It's more the happy-clappy tone of these articles that grates than the fact
the someone's done it and written about it. As someone else pointed out, the
experiments are never controlled, never peer-reviewed, and often
unreproduceable, but they're always presented as the next great thing to hit
software development. It's time to stop with the bullshit, stop with the
certified courses, stop with the pretence that if only your team pushed bits
of paper around a whiteboard they'll magically become 10 times more
productive. Instead, find out how each individual can be the best developer
they can be, and facilitate THAT. Of course, that requires investing in actual
people management, which is something that is in short supply compared to
agile-methodologies-du-jour.

However, I've also seen situations where two junior devs have produced some
appalling edifice of code between them, so perhaps that's an argument for
rotating pairs faster. Personally I feel both they and the company would have
better off if they'd been coached by someone with more experience, but that's
not pairing, the power relationship isn't equal.

------
ArloBelshee
(I'm the author of the original paper.
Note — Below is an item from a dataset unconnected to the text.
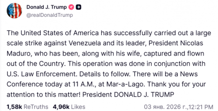 Эта операция была проведена совместно с правоохранительными органами США. Подробности последуют. Сегодня в 11:00 в Мар-а-Лаго состоится пресс-конференция. Благодарим вас за внимание к этому вопросу! Президент Дональд Трамп.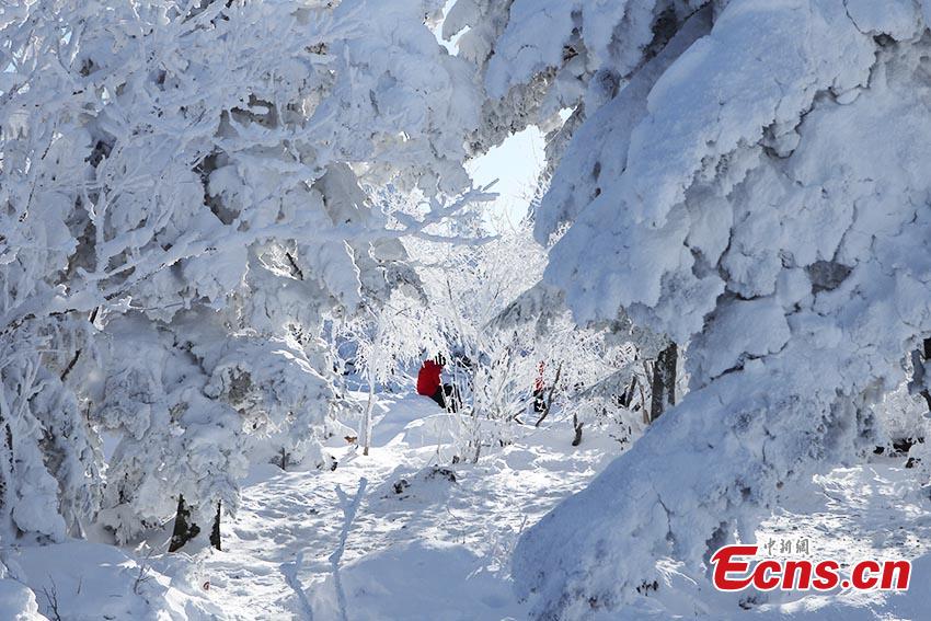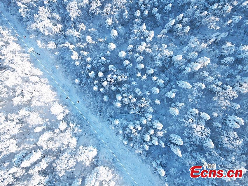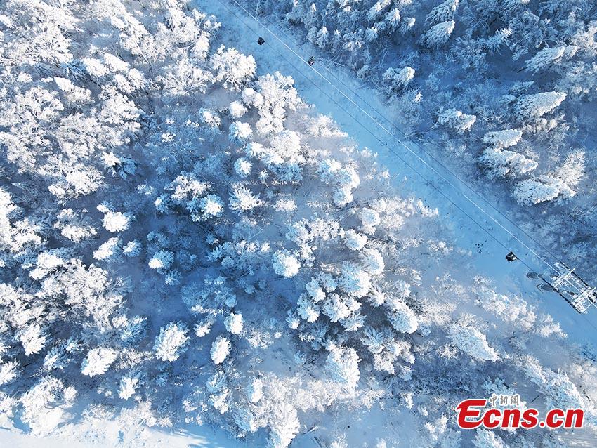 Dreamlike rime scenery at Beidahu ski resort, northeast China's Jilin Province, Nov. 30, 2023. Trees are covered with snow and rime, creating a magical landscape. (Photo: China News Service/Cang Yan)

So take my ramblings here with a grain
of salt.)

The experimentation that led to Promiscuous Pairing was certainly based on the
practical. It was not scientific; it was process engineering. We had no goal
to make a great discovery. Rather, we had to ship software RTFN, so we were
optimizing our process to do so.

The company board had told us that they were liquidating the company if we
didn't have 2 signed letters of intent at the end of the trade show on May 25.
We started the project in October, using a traditional development approach
(what we'd been doing for the last 2 years).

On Jan 15 or so, I got the group together and asked. 100% of the engineers
agreed we had a <5% chance of even having a sales demo ready for the trade
show. We were guaranteed not to have enough to get a sale.

So we were desperate and had, literally, nothing to lose (and no time to lose
it in).

That was why we were so extreme. We measured the outputs that mattered to us
(defects, long refactorings, output), and we reviewed our process each
iteration. We did 1-week iterations (industry, as we learned later, was doing
3-4 weeks at the time). We continually developed qualitative heuristics and
used our quantitative numbers to filter them on viability. We needed to know
what would work faster than any quantitative approach could tell us.

And then we just tried all sorts of stuff. As we got more useful heuristics,
they encouraged us to try more bizarre stuff. One of those heuristics was that
learning was king: rate of progress == rate of invention == rate of learning
stuff (techniques, domain knowledge, ideas that others on the team had).

That was what led us to try the very short pair swap times.

In the end, we stayed with them only because they worked. And man did they
work.

5 years later, Ward & Jim convinced me to write up the experience for Agile
2005. Then a couple of other teams tried it.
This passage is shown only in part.